EXCERPTED RECORDS:
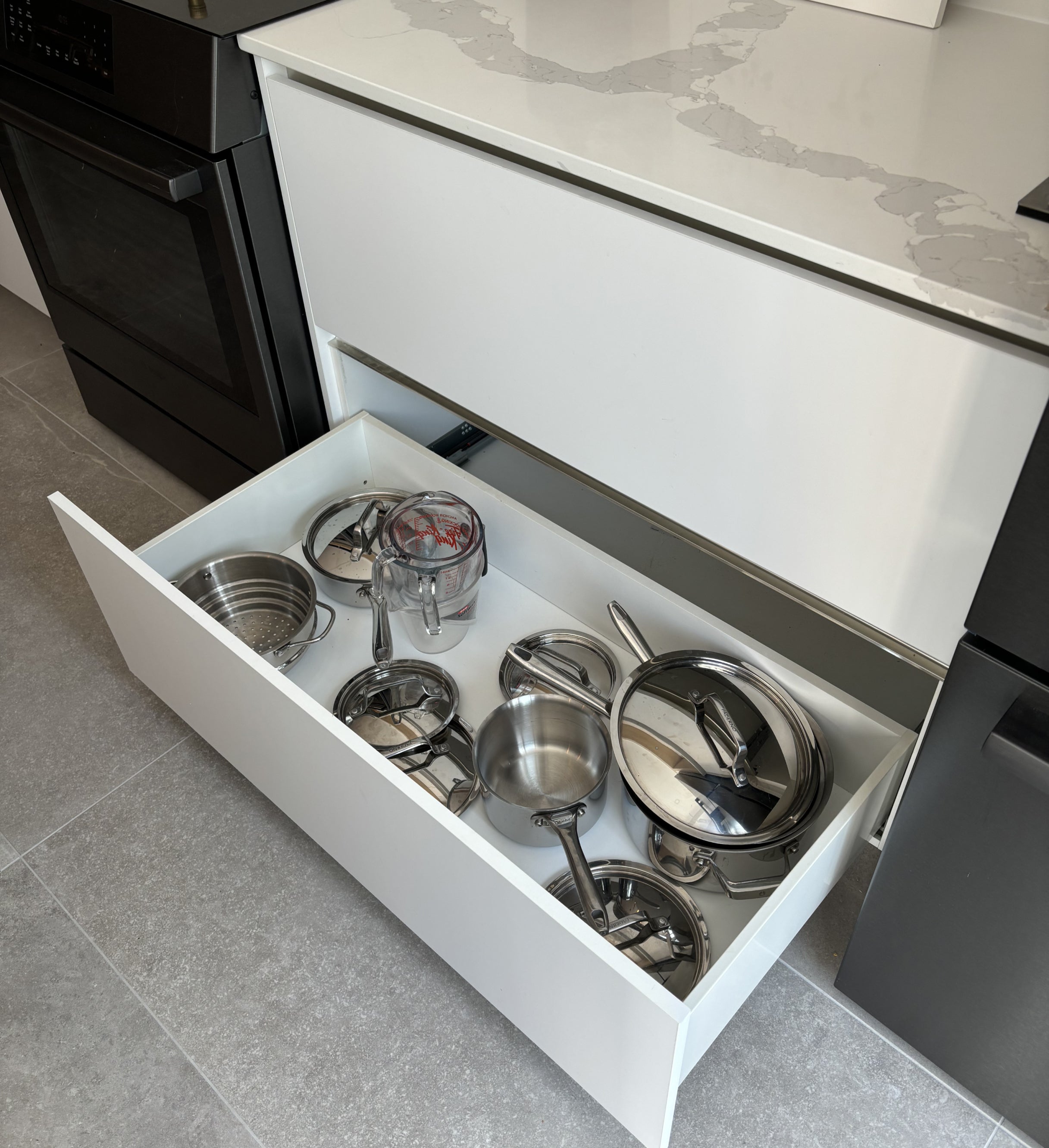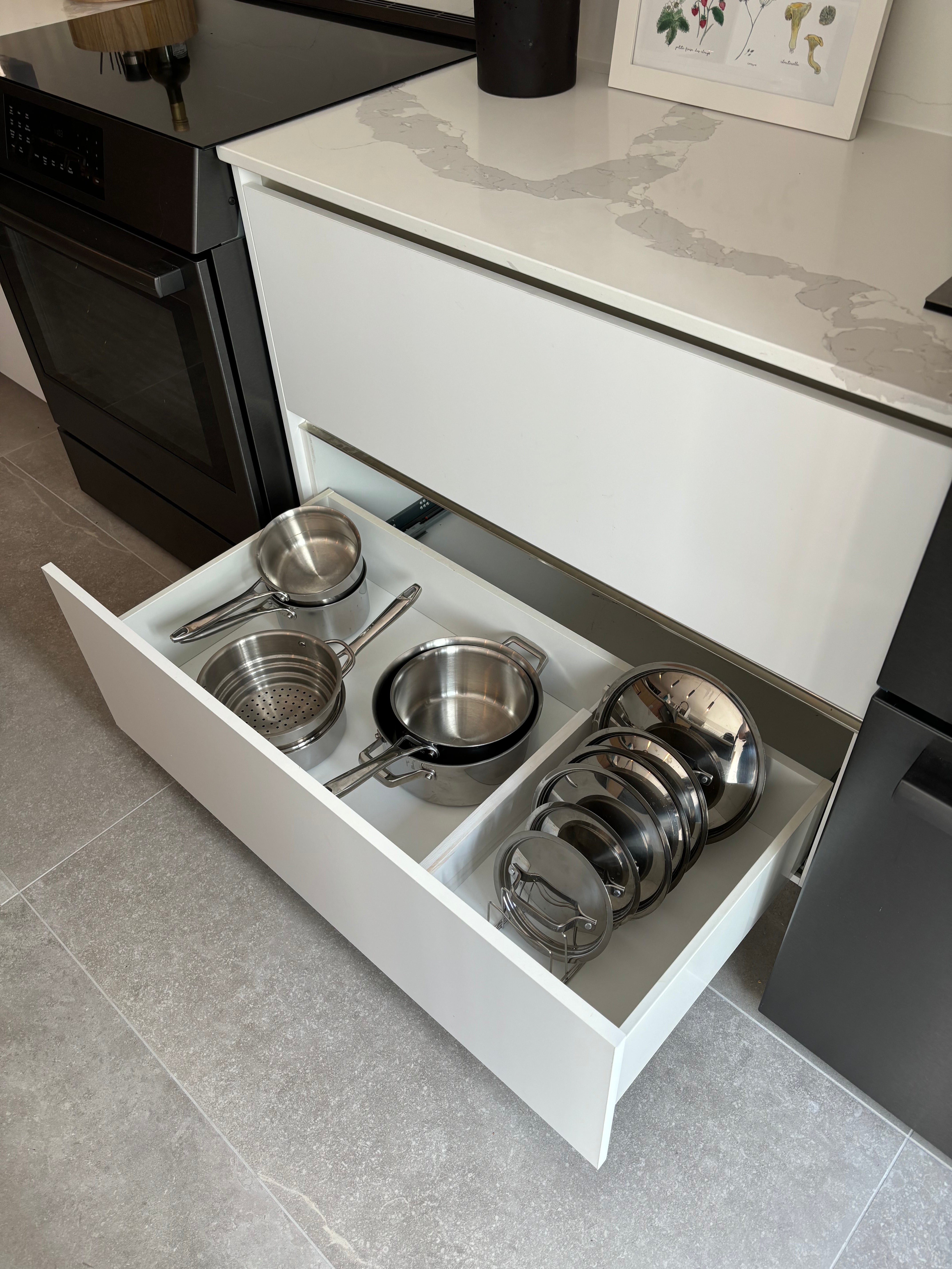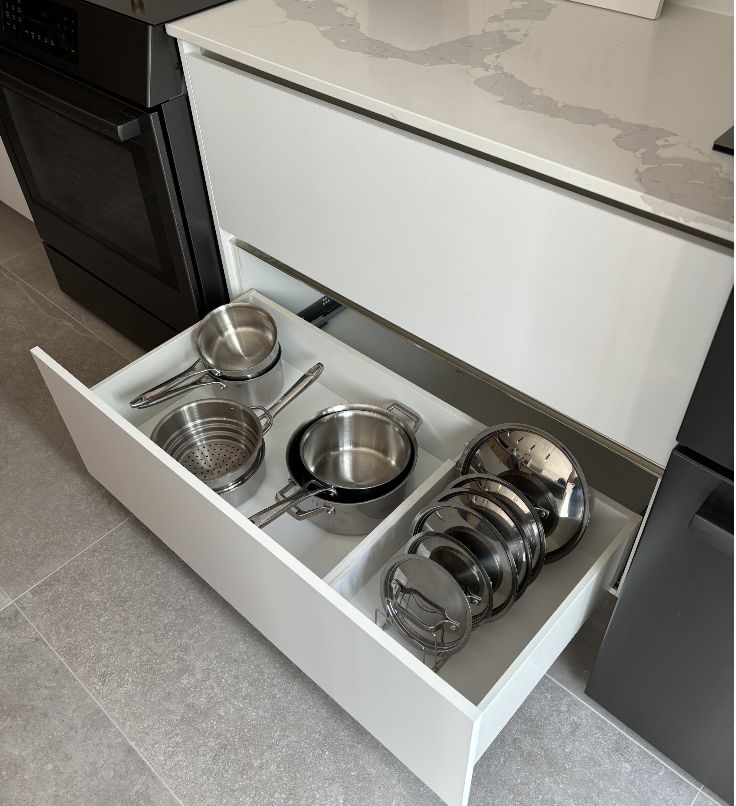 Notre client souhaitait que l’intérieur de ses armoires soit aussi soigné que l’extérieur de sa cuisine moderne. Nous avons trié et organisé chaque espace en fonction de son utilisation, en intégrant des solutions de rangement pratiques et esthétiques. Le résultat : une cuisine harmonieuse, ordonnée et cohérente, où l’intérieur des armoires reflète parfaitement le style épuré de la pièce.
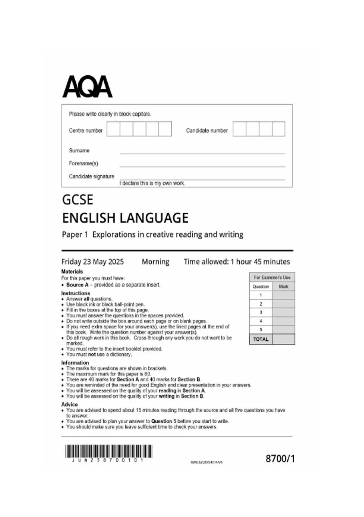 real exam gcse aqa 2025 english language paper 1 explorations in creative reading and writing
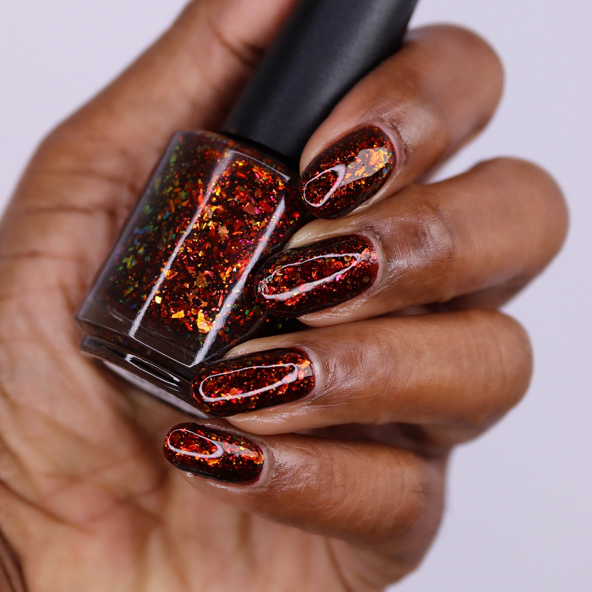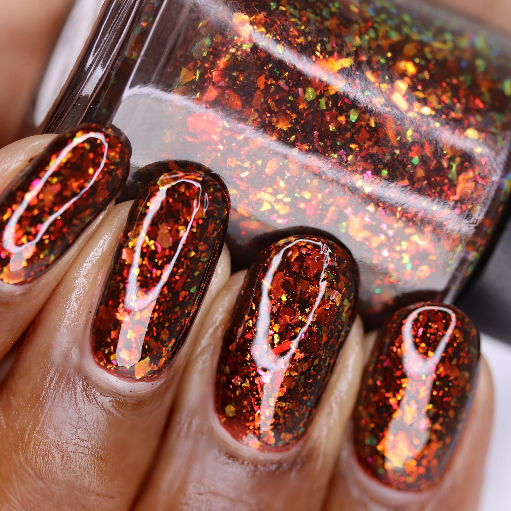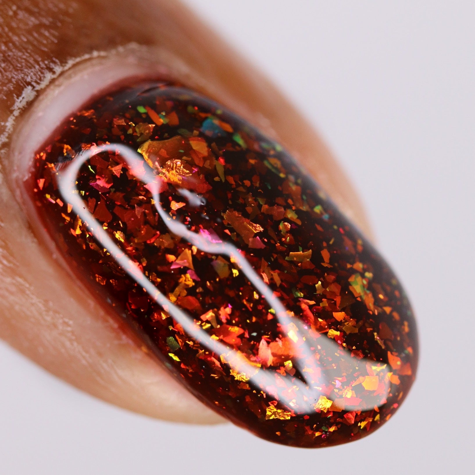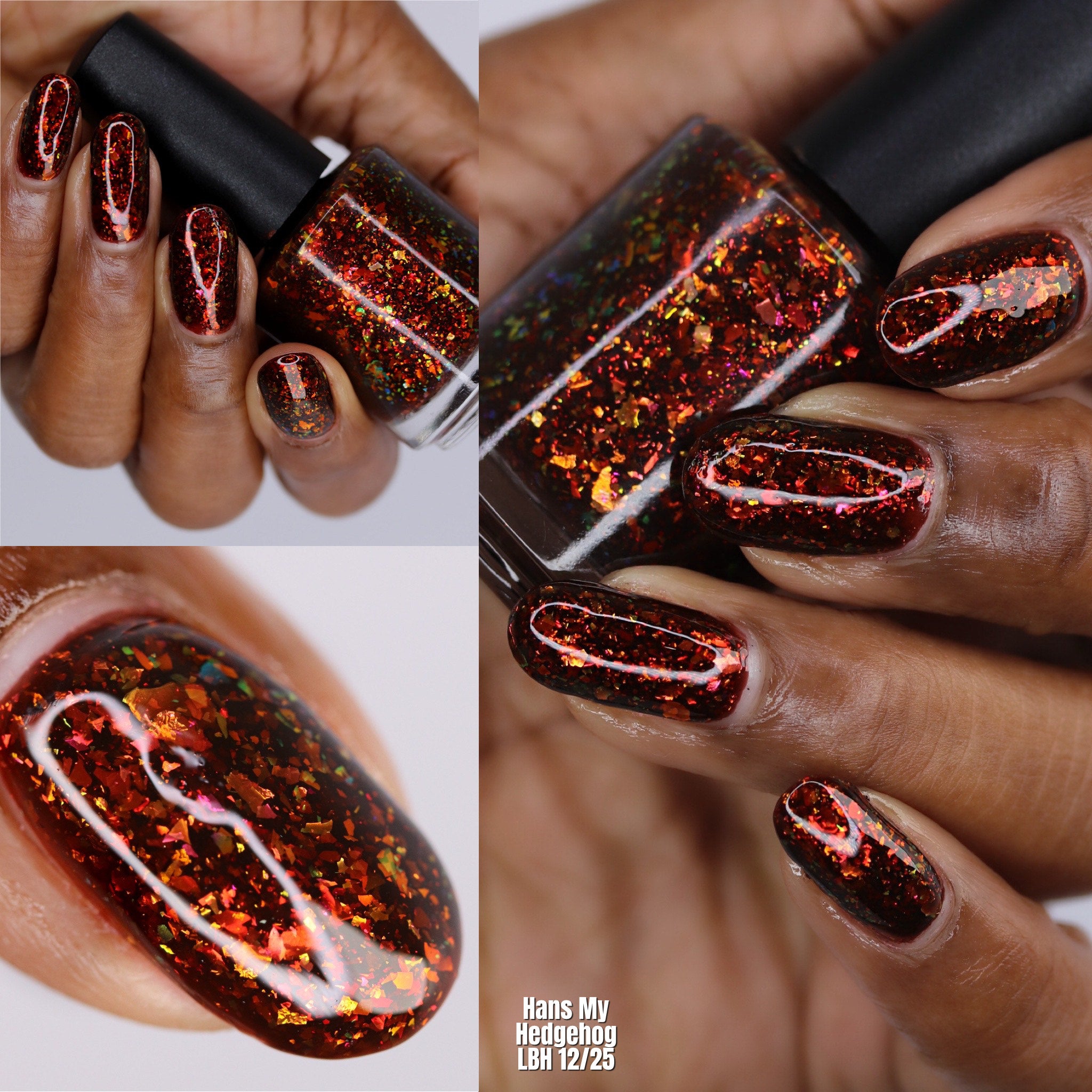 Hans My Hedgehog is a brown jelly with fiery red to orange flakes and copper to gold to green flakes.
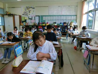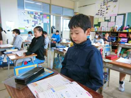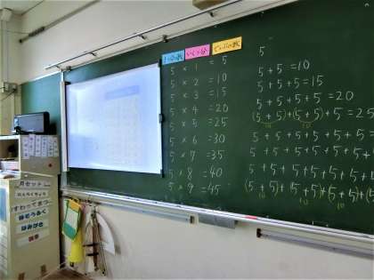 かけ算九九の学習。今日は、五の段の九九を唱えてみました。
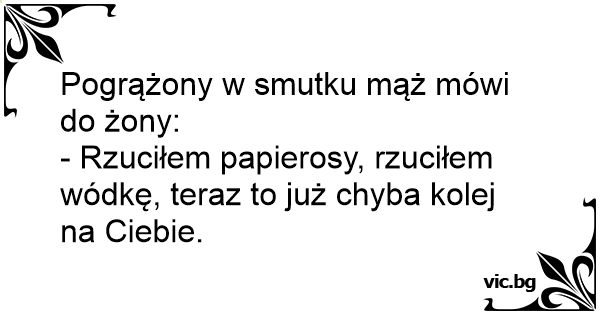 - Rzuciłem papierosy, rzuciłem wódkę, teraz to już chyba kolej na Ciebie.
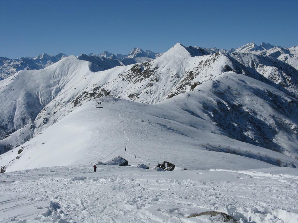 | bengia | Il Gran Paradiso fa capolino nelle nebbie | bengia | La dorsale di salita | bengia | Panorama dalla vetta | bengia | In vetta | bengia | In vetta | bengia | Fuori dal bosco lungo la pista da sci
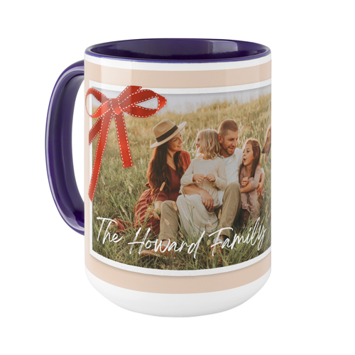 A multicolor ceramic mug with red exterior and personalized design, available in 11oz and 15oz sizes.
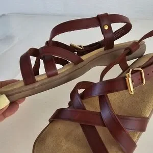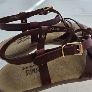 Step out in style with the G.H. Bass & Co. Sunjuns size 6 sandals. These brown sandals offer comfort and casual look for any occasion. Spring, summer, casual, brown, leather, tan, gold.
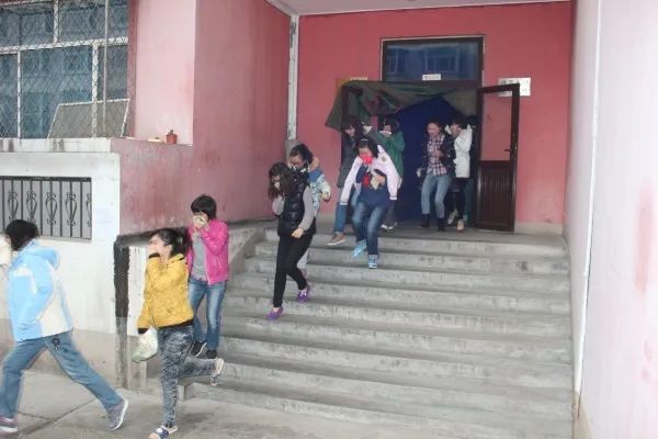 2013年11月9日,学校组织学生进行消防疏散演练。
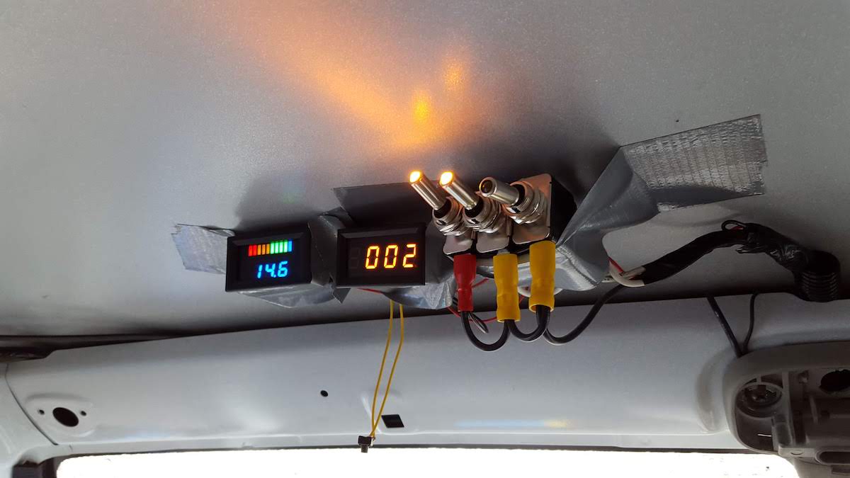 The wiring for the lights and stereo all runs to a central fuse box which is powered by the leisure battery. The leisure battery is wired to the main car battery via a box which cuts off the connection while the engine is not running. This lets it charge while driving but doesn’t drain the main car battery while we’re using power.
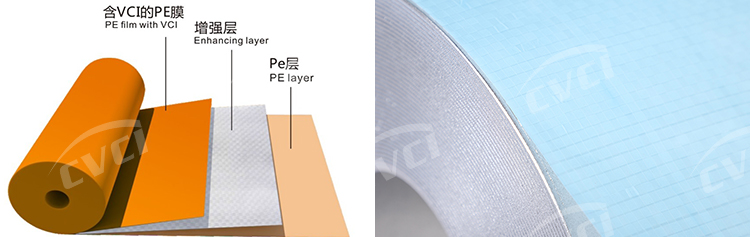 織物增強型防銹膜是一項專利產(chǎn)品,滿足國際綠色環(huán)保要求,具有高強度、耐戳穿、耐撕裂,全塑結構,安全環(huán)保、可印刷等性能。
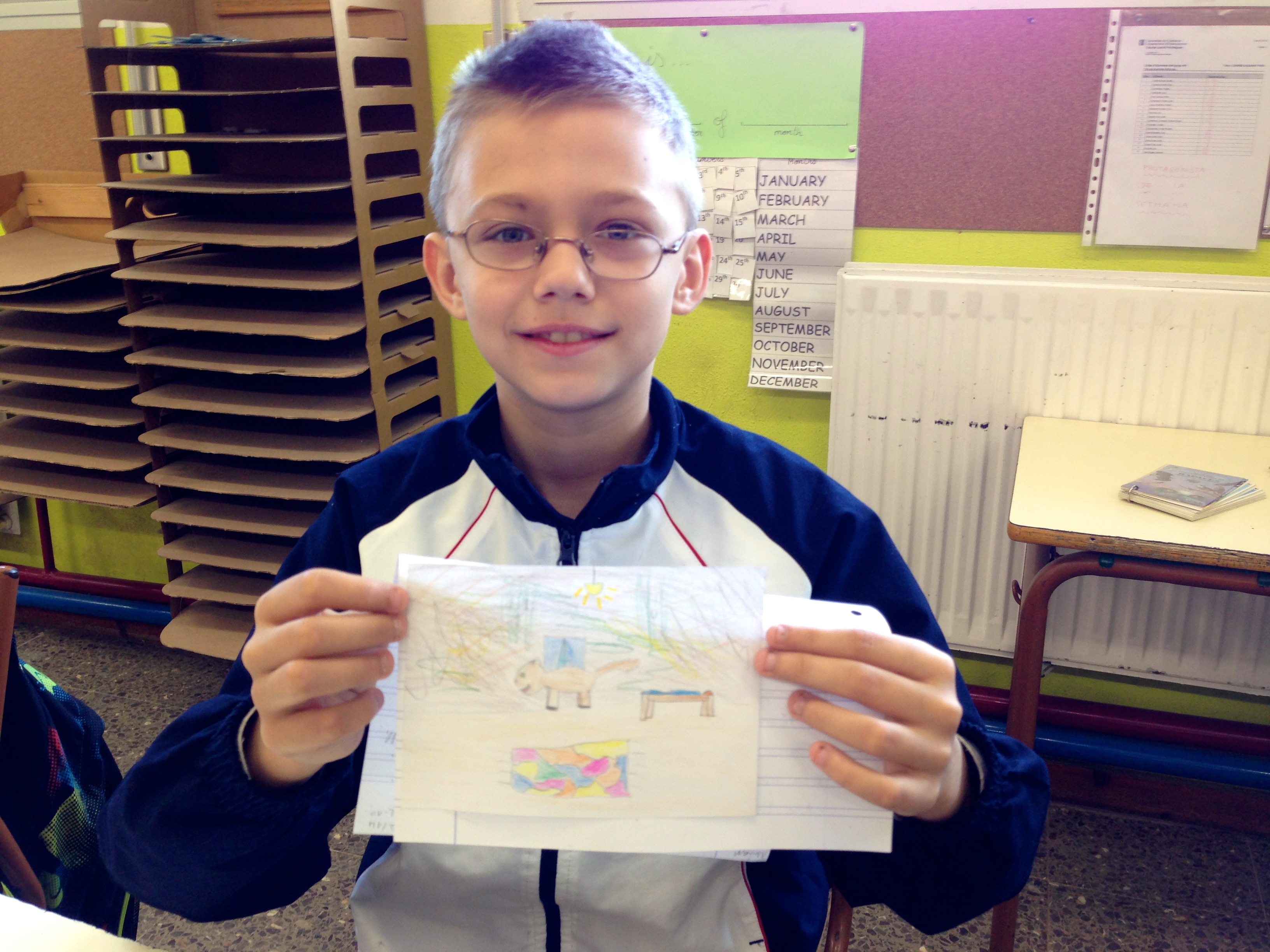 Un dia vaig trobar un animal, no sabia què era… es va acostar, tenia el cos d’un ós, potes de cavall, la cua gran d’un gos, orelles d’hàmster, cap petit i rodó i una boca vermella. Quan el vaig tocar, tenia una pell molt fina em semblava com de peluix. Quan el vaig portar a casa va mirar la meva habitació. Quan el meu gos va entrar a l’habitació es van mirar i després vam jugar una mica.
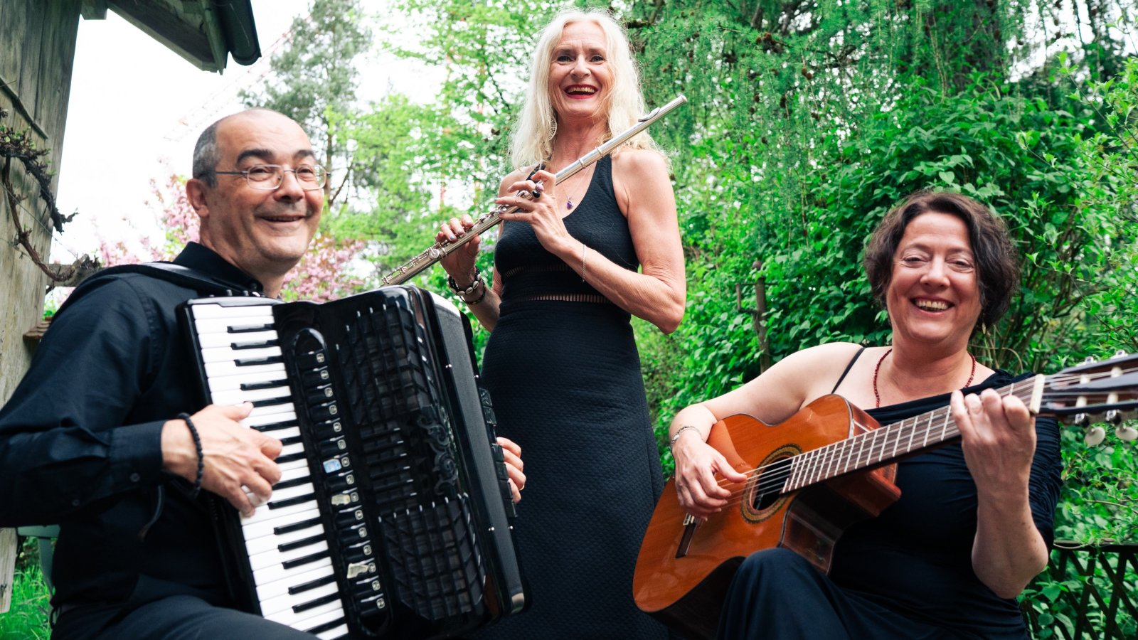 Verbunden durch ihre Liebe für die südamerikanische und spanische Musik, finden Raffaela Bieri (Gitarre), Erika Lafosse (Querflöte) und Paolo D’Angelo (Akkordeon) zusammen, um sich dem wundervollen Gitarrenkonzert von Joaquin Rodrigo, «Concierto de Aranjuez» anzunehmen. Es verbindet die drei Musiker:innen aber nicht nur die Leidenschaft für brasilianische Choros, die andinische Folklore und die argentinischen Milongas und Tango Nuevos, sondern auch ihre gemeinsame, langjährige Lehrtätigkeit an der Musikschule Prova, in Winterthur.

TASK TO COMPLETE: What do the entries above read from the line containing "Step out in" through the line containing "2013年11月9日,学校组织学生进行消防疏散演练。"? Output those lines exactly, both ends included, with the pictures left out.

ANSWER TO THE PROBLEM:
 Step out in style with the G.H. Bass & Co. Sunjuns size 6 sandals. These brown sandals offer comfort and casual look for any occasion. Spring, summer, casual, brown, leather, tan, gold.
 2013年11月9日,学校组织学生进行消防疏散演练。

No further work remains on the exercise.